__WORK TO COMPLETE__.
Look below for the line that contains "桂林属于是爱吃辣且能吃辣的城" and the line that contains "君子:指品格高尚的人;究:追", then restate both of them and every line in between, exactly. No picture goes in the copy.

__RAW DATA__.
---

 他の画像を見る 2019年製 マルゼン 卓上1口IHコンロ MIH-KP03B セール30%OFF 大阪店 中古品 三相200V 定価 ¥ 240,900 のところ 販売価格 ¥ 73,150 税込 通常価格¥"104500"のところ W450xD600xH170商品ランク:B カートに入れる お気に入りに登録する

---

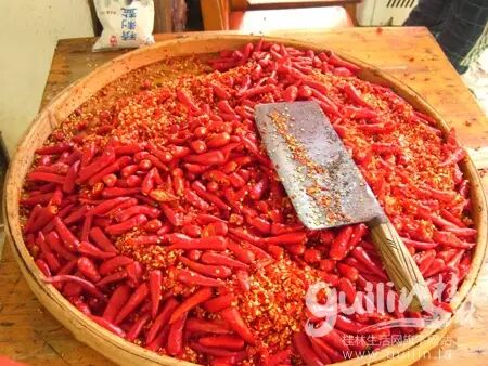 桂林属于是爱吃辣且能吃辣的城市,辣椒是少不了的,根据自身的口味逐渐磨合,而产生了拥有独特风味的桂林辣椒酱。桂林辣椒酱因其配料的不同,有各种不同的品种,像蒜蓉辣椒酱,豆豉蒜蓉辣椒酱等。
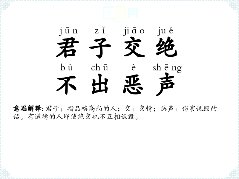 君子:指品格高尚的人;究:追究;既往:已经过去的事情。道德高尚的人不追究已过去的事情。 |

---

__FINAL ANSWER__.
 桂林属于是爱吃辣且能吃辣的城市,辣椒是少不了的,根据自身的口味逐渐磨合,而产生了拥有独特风味的桂林辣椒酱。桂林辣椒酱因其配料的不同,有各种不同的品种,像蒜蓉辣椒酱,豆豉蒜蓉辣椒酱等。
 君子:指品格高尚的人;究:追究;既往:已经过去的事情。道德高尚的人不追究已过去的事情。 |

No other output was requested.